Personally, I would prefer to avoid http queries from Emacs. Sometimes 
it is better to have current DOM state, not page source, that is why I 
decided to gather data inside browser, despite security fences that are 
placed quite strangely in some cases.

 From my point of view, you should be happy with any of projects you 
mentioned below. Are all of them have some problems critical for you?

Technically it should be possible to push e.g. raw 
document.head.innerHtml to any external metadata parser using native 
messaging (to deal with sites requiring authorization). However it could 
cause an alarm during review before publication of the extension to the 
browser catalogues.

> Finally, would you be interested to join efforts on metadata parsing?

Could you, please, share a bit more details on your ideas? There is some 
room for improvement, but I do not think that quality of metadata for 
ordinary sites could be dramatically better. The case that is not 
handled it all is scientific publications, unfortunately currently I 
have quite little interest in it. Definitely results should be stored in 
some structured format such as BibTeX. I have seen huge <head> elements 
describing even all references. Certainly such lists are not for 
general-purpose notes (at least without explicit request from the user), 
they should be handled by some bibliography software to display citation 
graphs in the local library. On the other hand it is not a problem to 
feed such data to some tool using native messaging protocol. I have no 
idea if various publisher provide such data in a uniform way, I just 
hope that pressure from citation indices and bibliography management 
software has positive influence on standardization.

I am not going to blow up the code with recipes for particular sites. 
However I realize that some special cases still should be handled. I am 
not ready to adapt user script model used by 
Greasemonkey/Violentmonkey/Tampermonkey. I believe, it is better to 
create dedicated extension(s) that either adds and overwrites existing 
meta elements or allows to query gathered data using sendMessage 
webextensions interface. By the way, scripts for above mentioned 
extensions could be used as well. It should alleviate cases when some 
site with insane metadata is important for particular user.

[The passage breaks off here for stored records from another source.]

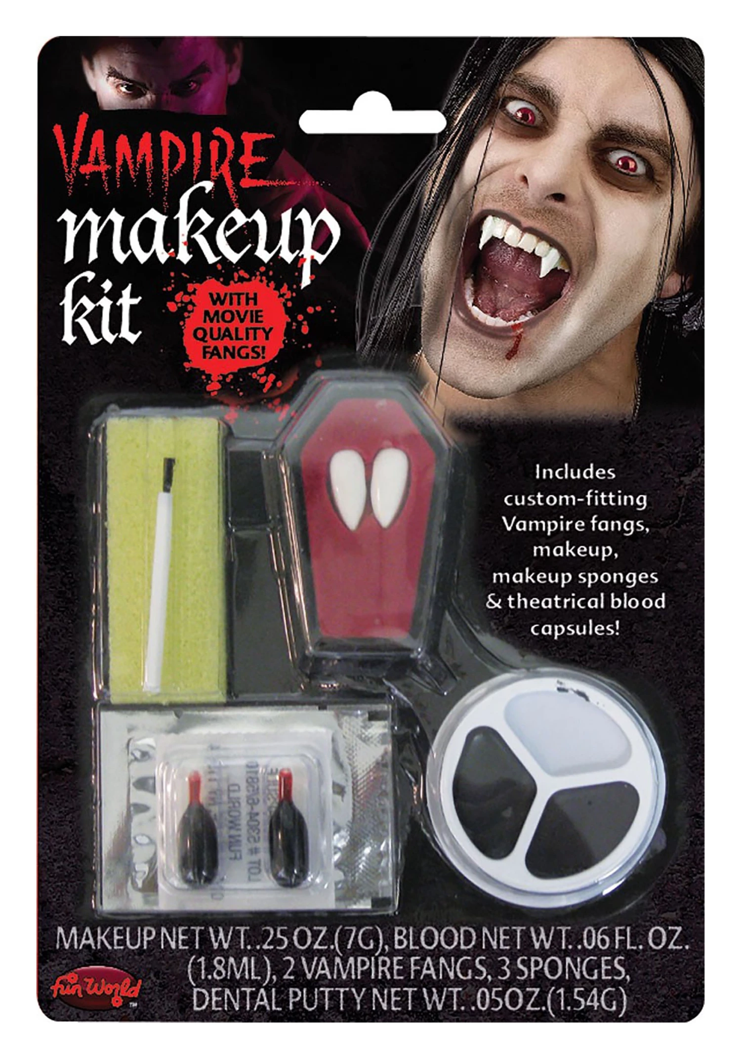 Most importantly, this kit has white fangs that custom fit your canines. The sponge applicator can apply the white and creme makeup. And, of course, the whole ensemble isn’t complete without the red blood capsules. You’ll also get instructions so you’ll know exactly how to transform when the time is ready.
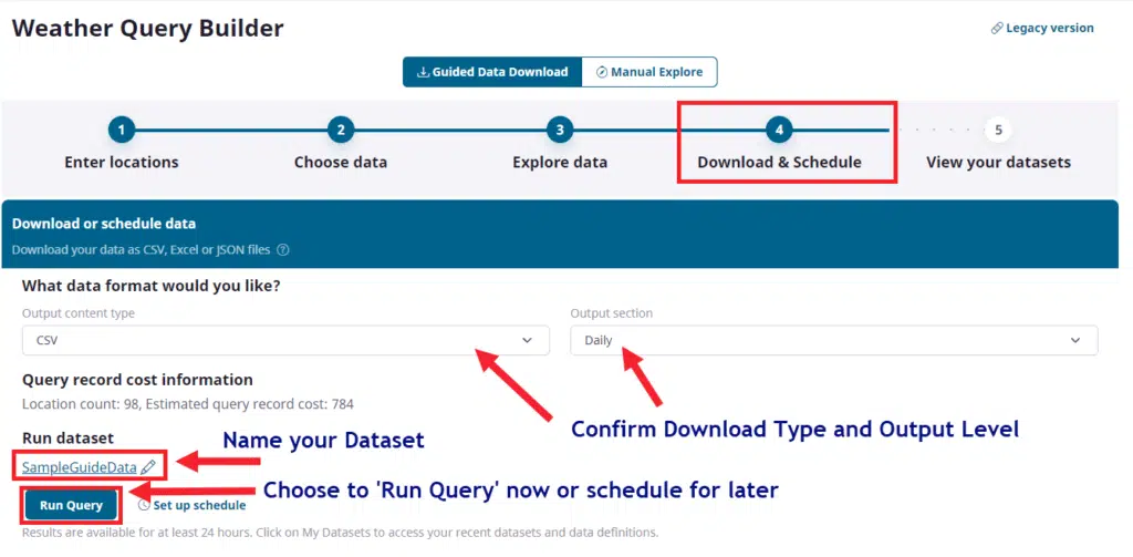 Tutorial: How to Build a Weather Dataset for Download, Bulk Import or Scheduling
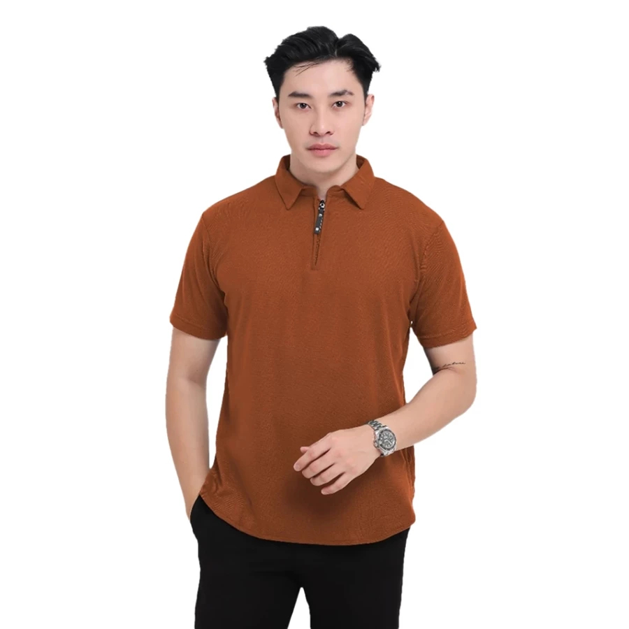 Kaos Polo Shirt Pria Kerah Lengan Pendek Zipper Light Brown

> P.S. Some links I collected myself when working on org-capture-ref. They
> might also be of interest for you:
> 
> - https://github.com/ageitgey/node-unfluff
> - https://github.com/gabceb/node-metainspector
> - https://github.com/wikimedia/html-metadata
> - https://github.com/microlinkhq/metascraper
> - https://github.com/hboisgibault/unicontent

Thank you for the links. I should have a closer look at that projects. 
E.g. I considered itemprop="author" elements but postponed 
implementation of such features. For some reason I even did not tried to 
find existing projects for metadata extraction. Maybe I still hope that 
quite simple implementation could handle most of the cases.